Publicists for the game, which is essentially basketball on trampolines, sent
out a news release promoting Joe Bryant and offering the former eight-year NBA
center for interviews.

During a session with The Times earlier this week, in an old warehouse in a
cluttered corner of the San Fernando Valley, Joe mentioned Kobe before any
questions were even asked.

He bragged about his ability, talked about his maturity, then openly
acknowledged the particulars of their estrangement.

"Twenty years from now, when his own child grows up, he'll understand what
I'm doing," Joe said.

He would not give specific reasons for the separation.

"When Kobe made a decision to be with someone he cared about, Pam and I
decided it was time to back off, that's all it was," he said.

He would not acknowledge any racial animosity toward his daughter-in-law.

"I'm cool with Vanessa, put that on the record," he said.

When asked why he doesn't see his son, he sighed.

"It's his life, we've got nothing to do with it," he said. "We've
done our job."

A day after the interview, Joe sent word that he planned to finally meet his
grandchild this weekend, although Kobe was unaware of the plans.
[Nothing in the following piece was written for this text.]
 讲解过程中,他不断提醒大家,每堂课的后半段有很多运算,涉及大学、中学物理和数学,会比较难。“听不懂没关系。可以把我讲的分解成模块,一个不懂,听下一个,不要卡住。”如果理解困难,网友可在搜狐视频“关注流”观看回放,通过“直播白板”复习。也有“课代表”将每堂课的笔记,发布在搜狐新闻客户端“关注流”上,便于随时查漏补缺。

Yet, hearing the quotes, hoping that perhaps his father was finally reaching
out, Bryant agreed to publicly reach back.

"Sure I hope we can get back together," Kobe said at the Laker
practice facility Friday. "When the time is right, if he wants to come and
sit down and discuss things, we can do that."

As with any player, particularly a sensitive 24-year-old, Bryant's issues with
his father can be seen in everything from his dribble to his glare.
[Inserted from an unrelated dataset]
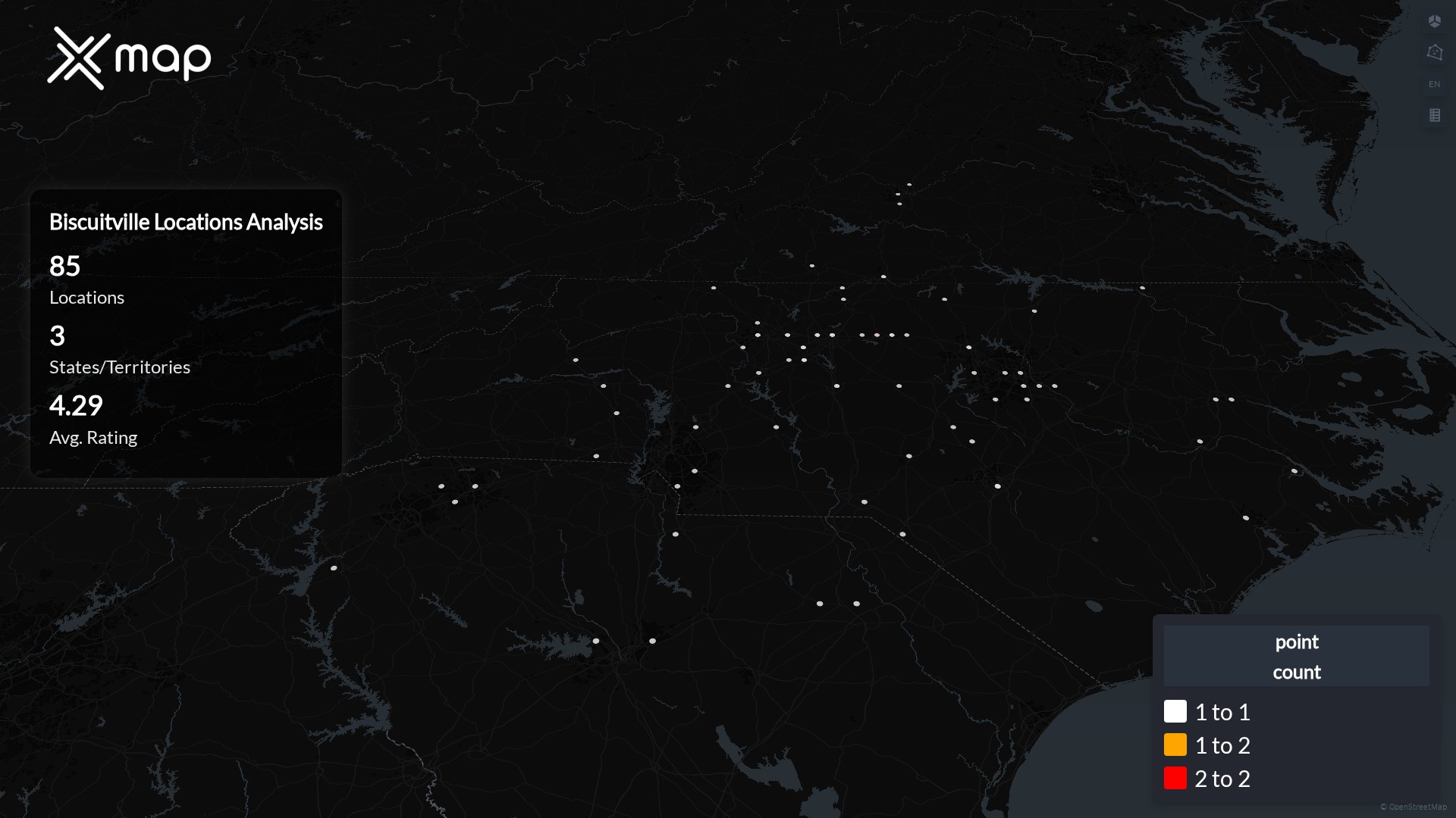 Biscuitville POI data enables clear measurement of footprint and demand. Analysts can rank states and cities by location count, compare coverage on a per-capita basis, and use traffic scores and review volumes to spot high-performing markets and under-served pockets. The result is an objective view of saturation, growth opportunities, and performance outliers.

This is a big reason why his focus has increased this season to the point where
he is often basketball's most unstoppable player.

"The court has become my psychologist," he said. "It's my time to
get away from all the hassles and problems. It's my moment."
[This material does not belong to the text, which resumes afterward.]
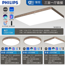 飞利浦照明智能WIFI版led吸顶灯套餐客厅卧室简约现代灯饰Siri百度小度动作感应智能控制灯具悦曜 三室一厅A 115W+36W*2+55W
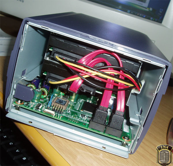 Wewnątrz dwa dyski SATA połączone w RAID (0 lob 1). Niestety nie miałem możliwości aby dalej rozkręcać urządzenie... A przyznam, że korciło mnie aby dokładnie sfotografować wnętrze. No ale niestety...

And this is why, two years ago after they won their second championship in
Philadelphia, he was spotted holding the trophy in the shower and crying.

Everyone thought it was because he was weary after a long year of fighting with
Shaquille O'Neal and Phil Jackson.

Not so.

"Yeah, that was about my dad," Bryant said.

Earlier in that postseason, he had gotten married and his family did not
attend.

Then, to survive the boos and pressure in your Philadelphia hometown, to win a
championship right down the road from your father's house ... and your father
doesn't even come to any of the games?

No failure had ever broken his heart like this triumph.

"It had been such an awful year for me, so hard," Kobe said. "I
want a father. I want my father."

The story begins when Kobe Bryant moved west as a 17-year-old in 1996.

It begins then, because he moved with his family.

When he joined the Lakers out of high school, so did his family, parents Joe and
Pam, sisters Sharia and Shaya.

"We weren't just going to let him come out here by himself," said Joe.
"That wasn't how we worked."

For three years the family lived together in a house in the Pacific Palisades,
with Bryant the ever-doting son, inviting his family to share in his newfound
wealth.

"Don't write that he lived with us," Joe acknowledged. "It was
his house. We lived with him."

Bryant bought cars for everyone, including a BMW for his father.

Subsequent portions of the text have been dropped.